The network access protocols define the network infrastructure over which TCP/IP communication occurs. Protocols in the Network Access layer include all deployed network topologies and technologies, including dedicated and dial-up point-to-point links, asymmetric digital subscriber line (ADSL), asynchronous transfer mode (ATM), frame relay, and all LANs. Figure 1 doesn't include the Network Access layer because the layer is irrelevant to the discussion of packet filtering.
The Internet layer is roughly equivalent to the Open System Interconnection (OSI) Network layer and is responsible primarily for routing. IP is the protocol for device-to-device communication, such as host-to-router and router-to-router. Packet-filtering rules typically apply to IP and the protocols carried in IP datagrams.
The Transport layer is roughly equivalent to the OSI Transport layer and is responsible for host-to-host communications. The communications protocols for this layer are TCP and UDP, which provide a connection-oriented (virtual circuit) and connectionless (datagram) service, respectively. An IP packet carries a TCP segment or UDP datagram. (As Figure 1 shows and we discuss later, some non-Transport layer protocols also place their data directly into an IP packet.)

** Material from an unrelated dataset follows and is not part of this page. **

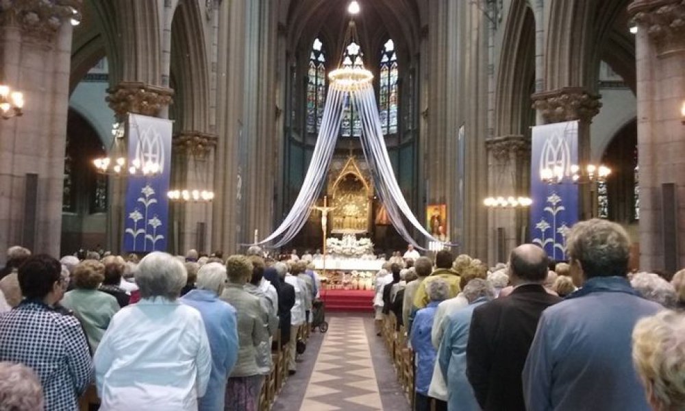 U progu kolejnego roku formacyjnego w mariackiej bazylice w belgijskim Dadizele rokrocznie gromadzi się Polonia z Nord i Pas-de-Calais wraz ze swoimi duszpasterzami (także chrystusowcami, którzy tam są najliczniejszą ‘reprezentacją’) na wspólnej modlitwie… W tym roku zgromadziliśmy się tam 17 września pod przewodnictwem nowomianowanego Rektora PMK we Francji, ks. Bogusława Brzysia, który też wygłosił okolicznościową, bardzo sugestywną homilię, w której wyszedł od jednego zdania, nawet jednego wyrazu odczytanej Ewangelii (Łk 7,36-50), by ukazać darmowość i wielkość Bożej miłości i miłosierdzia. Naszą odpowiedzią na całkowicie darmową, niezasłużoną przez nas, miłość Boga winny być nasze dzieła miłości oraz wdzięczność… Potrzeba nam zatem uczyć się miłosierdzia, potrzeba, by oczy i serca nasze były miłosierne: a w tym niech dopomaga nam modlitwa św. Siostry Faustyny o łaskę pełnienia miłosierdzia względem bliźnich (zob. Dzienniczek, 163) oraz Rok Jubileuszowy Miłosierdzia, który niebawem rozpoczniemy w całym Kościele, w uroczystość Niepokalanego Poczęcia NMP AD 2015 i który potrwa do uroczystości Jezusa Chrystusa Króla Wszechświata AD 2016. Słowami z papieskiej bulli ogłaszającej ów Rok Święty ks. Rektor zakończył swoje rozważanie, zachęcając jednocześnie do jej przeczytania. Na zakończenie Eucharystii, zwyczajem lat poprzednich, nastąpiło rozesłanie i błogosławieństwo katechetów, do którego dołączyliśmy prośbę w intencji rodzin – rodziców i dzieci (a którą podpowiadają zbliżające się wydarzenia: VIII Światowe Spotkanie Rodzin, które w przyszłym tygodniu odbywać się będzie w Filadelfii oraz październikowe XIV Zwyczajne Zgromadzenie Ogólne Synodu Biskupów pt. „Powołanie i misja rodziny w Kościele i świecie współczesnym”). Popołudniowe różańcowe nabożeństwo rozpoczęte w Godzinie Miłosierdzia i poprzedzone wspólnym odmówieniem Koronki do Bożego Miłosierdzia było naszym wspólnym wołaniem do Boga przez wstawiennictwo Jego i naszej Matki, by wspierał nasze wysiłki do stawania się świadkami miłości i miłosierdzia i by błogosławił wszelkie dobre dzieła, które w rozpoczynającym się roku formacyjnym i katechetycznym podejmujemy w naszych wspólnotach i stowarzyszeniach polonijnych i kościelnych. Na koniec dodajmy, że w przeżywanym Roku Życia Konsekrowanego w tegorocznej pielgrzymce licznie reprezentowane były zakonne wspólnoty męskie i żeńskie: poza wspomnianymi chrystusowcami i kapłanami diecezjalnymi przybyli trzej oblaci i pallotyn a do corocznie przybywających do Dadizele felicjanek z Bruay La Buissière dołączyły dawno już niewidziane sercanki z Fouquières-les-Béthune; przybyły również posługujące pośród włoskich emigrantów Siostry Misjonarki Maryi Niepokalanej Królowej Pokoju (Soeurs missionnaires de Marie Immaculée Reine de la Paix – Suore missionarie dell’Immacolata Regina della Pace) z Montigny-en-Ostrevent.

The Application layer defines the higher-layer user application protocols, such as HTTP for the Web and SMTP and POP for email. Each application protocol is associated with one or both of the Transport layer protocols.
Packet Filtering and IP
All TCP/IP packet filtering starts with an IP packet. Three IP packet fields are crucial to filtering. The source address is the 32-bit IP address of the host that sent the packet and generated the information in it. The destination address is the 32-bit IP address of the intended destination host expected to receive the packet and the information the packet carries. The Protocol Identifier (PID) is the identifier of the protocol information the IP packet carries. You can base packet filtering on any or all of these fields. Using the source or destination address, for example, you can block all packets from an address or set of addresses, and you can route to a set of addresses those packets you let enter.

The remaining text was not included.